In the shadow of the Neil Lennon look-we-have-a-video-it-happened-on-TV Not Proven verdict Scott Greenfield writes about a law review article across the pond about how the exclusionary rule — one of the central procedural concepts in all litigation that’s ever heard of England articulating the principle that, for various reasons, some evidence is simply too unfair to be shown to a jury — is back firing on criminal defendants.

Greenfield’s primary criticism of the article is fundamentally that it’s a case of throwing the baby out with the bath water and I find him as persuasive as ever on this. The problem is jurors’ imaginations running amok rather than the ability to exclude, for example, torture confessions.

The problem is sort of a reverse CSI-effect where instead of juries assuming that, if the accused actually did it, there would be DNA and fingerprints; they assume that the accused did do it and there’s something horribly incriminating that their sleazy defence lawyer got buried. The jury then takes it on themselves to imagine what that non-existent evidence is and convicts accordingly. I don’t know how common this is and the rules on jury interviews in the UK makes it tricky to find out but it’s potentially a very serious problem, not least for what it does to the presumption of innocence.

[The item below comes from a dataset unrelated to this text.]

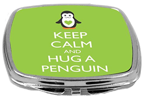 Rikki Knight Compact Mirror, Keep Calm and Hug a Penguin Lime Green
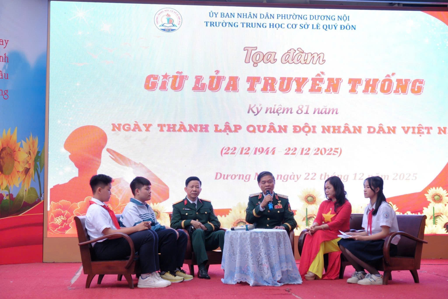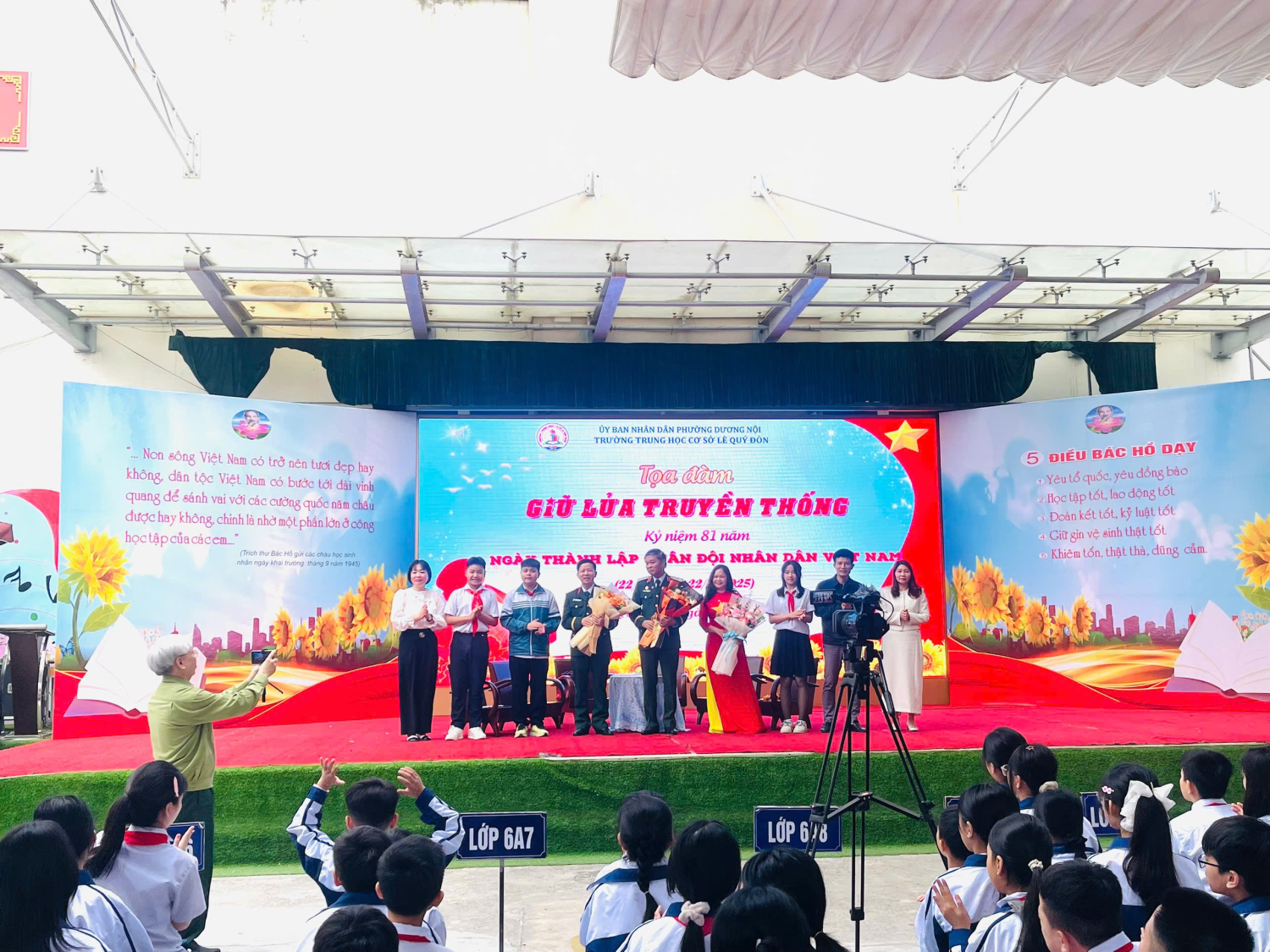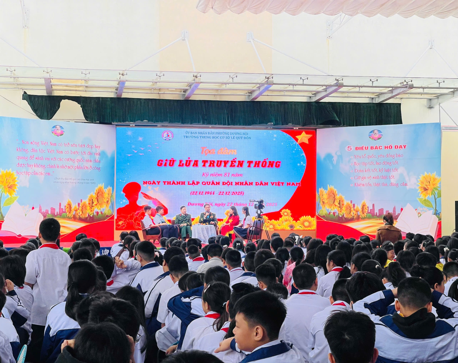 Sáng thứ Hai vừa qua, trong không khí trang nghiêm của buổi lễ chào cờ đầu tuần, thầy và trò trường THCS Lê Quý Đôn đã tổ chức chương trình ngoại khóa với chủ đề Tọa đàm “Tiếp lửa truyền thống”. Đây là hoạt động trọng điểm nằm trong chuỗi sự kiện chào mừng kỷ niệm 81 năm Ngày thành lập Quân đội Nhân dân Việt Nam (22/12/1944 – 22/12/2025).

I imagine this comes straight from police dramas where the sleazy defence lawyer is always getting stuff buried. It’s looking increasingly like your odds of conviction in solemn trials depends more than it should on if your jury prefers CSI to Law and Order.

The lesson seems to be that juries sometimes do unpredictable things, whether that’s returning unexpected verdicts, assuming evidence is normally definitive or that it even exists in the first place. We still have to be careful about constitutional safeguards, especially in jurisdictions where the constitution is as flexible as ours.